Many instruments have been developed to assess medical professionalism as a comprehensive stand-alone construct or as a facet of clinical competence.7 There is a tendency for programs to use multiple instruments, and selecting the most suitable instrument for a given program can be challenging for educators.5,8 Workplace- and observer-based assessments allow for the systematic assessment of professionalism by different assessors in various clinical contexts,8 which may complement other assessment modes such as self- and peer assessments. Observer-based instruments are in keeping with the current trend of adopting entrustable professional activities.9
Previous systematic reviews of professionalism measures have focused on different assessment methods, including direct observation, self-administered rating forms, patient surveys, and paper-based ratings.10–12 The most recent review concluded that studies were of limited methodological quality and recommended only 3 of 74 existing instruments as psychometrically sound; of note, 2 of these were from studies involving nurses.10 There were no current systematic reviews that focus on observer-based instruments to assess medical professionalism13 and on the utility of the instruments. The primary aim of this study was to identify observer-based instruments for use by program directors and to examine their psychometric properties and utility for practical application.
Methods
We performed a systematic review in accordance with the Preferred Reporting Items for Systematic review and Meta-Analysis (PRISMA) checklist (provided as online supplemental material).
Search Strategies
We searched the PubMed, Scopus, ERIC, and PsycINFO databases from their inception to July 2018. The search strategy was adapted and revised from a previous systematic review14 in consultation with a medical librarian, and the full search strategy is provided as online supplemental material. Our focus was on observer-based instruments that measured professionalism.
Study Selection
Inclusion criteria were English-language, full-text original studies on the validation of observer-based instruments, or questionnaires assessing or measuring medical professionalism of residents and medical students. Instruments had to be applied to the evaluation of professionalism in an actual clinical setting or context (see Figure). We excluded articles not in English, studies of professionalism in other health disciplines, and review articles. Duplicate studies were removed using EndNote X8 (Clarivate Analytics, Philadelphia, PA), and cross-checked by the researchers. Studies that met inclusion criteria were independently screened by 2 researchers (J.K.P. and H.G.) based on titles and abstracts. Full-text studies selected were independently read and assessed for eligibility, and the reference lists were hand-searched for additional eligible studies. Disagreements in the selection process were resolved by discussion with a third researcher (Y.H.K.).

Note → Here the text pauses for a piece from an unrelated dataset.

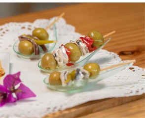 Ingredientes: boquerones (Engraulis encrasicolus), aceitunas, piparras, aceite de girasol y sal.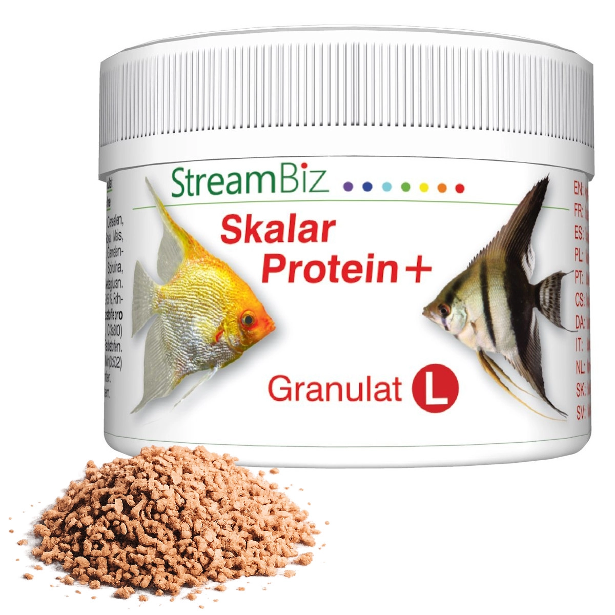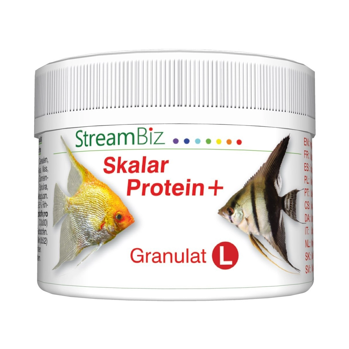 StremBiz Skalar Protein + Granulat L to pokarm w formie granulatu. Stworzony dla pielęgnic. Powstał wyłącznie z naturalnych składników takich jak: ryby i produkty pochodzenia rybnego, drobne skorupiaki i mięczaki. Skład ten wzbogacony składnikami roślinnymi doskonale odzwierciedla naturalną dietę ryb zamieszkujących Amazonkę. Jest chętnie pobierany przez wybredne dyskowce i skalary. Zawiera wszystkie niezbędne składniki pokarmowe, witaminy i minerały konieczne dla zachowania zdrowia i witalności ryb. Może stanowić podstawę diety nie tylko skalarów ale także innych mięsożernych i wszystkożernych pielęgnic. Skalar Protein + gwarantuje odpowiedni wzrost i rozwój, umożliwia prawidłowy wzrost i piękne wybarwienie młodych. Wspomaga również czystość wody w zbiorniku. Dzięki wysokiej strawności zmniejsza zanieczyszczenie akwarium. Co więcej granulat odznacza się wysoką hydrostabilnością i nie brudzi wody.

The study did not involve human subjects and did not require Institutional Review Board approval.
Data Extraction
For studies deemed eligible, data were extracted independently by 2 researchers (H.G. and Y.S.) using a standardized data extraction form. The following data were extracted: general characteristics of each instrument (name of instrument, author, language, number of domains, number of items, and response categories) and characteristics of study samples (sample size, age, settings, and country).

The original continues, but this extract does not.